In addition to Weibo, there is also WeChat
Please pay attention
WeChat public account
Shulou
2025-03-04 Update From: SLTechnology News&Howtos shulou NAV: SLTechnology News&Howtos > Internet Technology >
Share
Shulou(Shulou.com)06/01 Report--
This article mainly explains "how to use Hive Catalog". The content in the article is simple and clear, and it is easy to learn and understand. Please follow the editor's train of thought to study and learn how to use Hive Catalog.
What is Hive Catalog?
We know that Hive uses Hive Metastore (HMS) to store metadata information and relational databases to persist this information. Therefore, Flink integration Hive needs to get through the metastore of Hive to manage the metadata of Flink, which is the function of Hive Catalog.
The main role of Hive Catalog is to use Hive MetaStore to manage the metadata of Flink. Hive Catalog can persist the metadata so that subsequent operations can use the metadata of these tables repeatedly without having to re-register every time they are used. If you do not persist the catalog, then fetching and processing data in each session will have to repeatedly create metadata objects, which is very time-consuming.
How to use Hive Catalog
HiveCatalog is available right out of the box, so once you have configured Flink to integrate with Hive, you can use HiveCatalog. For example, we create a data source table for kafka through the DDL statement of FlinkSQL, and we can view the metadata information of that table immediately.
HiveCatalog can handle two types of tables: one is an Hive compatible table, and the other is a plain table (generic table). The Hive-compatible table is stored in a Hive-compatible manner, so for Hive-compatible tables, we can use either Flink or Hive to manipulate the table.
Regular tables are for Flink. When you create a normal table using HiveCatalog, you simply use Hive MetaStore to persist its metadata, so you can view the metadata information of these tables through Hive (through the DESCRIBE FORMATTED command), but you cannot process these tables through Hive because the syntax is not compatible.
Flink uses the is_generic attribute to identify whether it is a regular table or not.
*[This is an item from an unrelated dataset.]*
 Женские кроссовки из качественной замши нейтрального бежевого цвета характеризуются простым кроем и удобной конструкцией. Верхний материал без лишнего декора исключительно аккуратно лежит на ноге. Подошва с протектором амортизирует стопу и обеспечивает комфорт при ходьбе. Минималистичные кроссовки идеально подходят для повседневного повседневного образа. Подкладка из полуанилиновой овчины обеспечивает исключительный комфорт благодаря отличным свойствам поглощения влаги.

By default, the table created is a normal table, that is, is_generic=true, and if you want to create an Hive compatible table, you need to specify is_generic=false in the table creation properties.
Scream hint:
Since you rely on Hive Metastore, you must open the Hive MetaStore service
Use Hive Catalog EnvironmentSettings settings = EnvironmentSettings.newInstance (). UseBlinkPlanner (). Build () in the code
TableEnvironment tableEnv = TableEnvironment.create (settings)
String name = "myhive"
String defaultDatabase = "default"
String hiveConfDir = "/ opt/modules/apache-hive-2.3.4-bin/conf"
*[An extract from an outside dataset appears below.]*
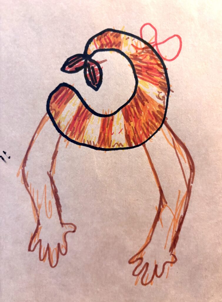 わたしの妹が来た時に遊びながら描いていたものなのだが、描き終えたら満足して、その辺に放置されていた。

HiveCatalog hive = new HiveCatalog (name, defaultDatabase, hiveConfDir)
TableEnv.registerCatalog ("myhive", hive)
/ / use registered catalog
TableEnv.useCatalog ("myhive"); use Hive Catalog in Flink SQLCli
Using Hive Catalog in FlinkSQL Cli is easy, as long as you configure the sql-cli-defaults.yaml file. The configuration is as follows:
Catalogs:
-name: myhive
Type: hive
Default-database: default
Hive-conf-dir: / opt/modules/apache-hive-2.3.4-bin/conf
Create a kafka table in FlinkSQL Cli, which defaults to a normal table, namely is_generic=true
CREATE TABLE user_behavior (
`user_ id` BIGINT,-- user id
`item_ id` BIGINT,-- Commodity id
`cat_ id` BIGINT,-- category id
`action` STRING,-- user behavior
`province` INT,-- the province where the user resides
`ts`BIGINT,-- the timestamp of the user's behavior
`proctime` AS PROCTIME ()-- generate a processing time column by calculating the column
`eventTime` AS TO_TIMESTAMP (FROM_UNIXTIME (ts, 'yyyy-MM-dd HH:mm:ss')),-- event time
WATERMARK FOR eventTime AS eventTime-INTERVAL'5' SECOND-defines watermark
) WITH (
'connector' =' kafka',-use kafka connector
'topic' =' user_behavior',-- kafka topic
'scan.startup.mode' =' earliest-offset',-offset
'properties.group.id' =' group1',-Consumer group
'properties.bootstrap.servers' = 'kms-2:9092,kms-3:9092,kms-4:9092'
'format' =' json',-data source format is json
'json.fail-on-missing-field' = 'true'
'json.ignore-parse-errors' = 'false'
);
We can view the metadata information of the table in the Hive client
Hive (default) > desc formatted user_behavior
Table Parameters:
...
Is_generic true
...
As can be seen from the metadata information above, is_generic=true indicates that the table is a regular table, and an error will be reported if you look at the table in Hive.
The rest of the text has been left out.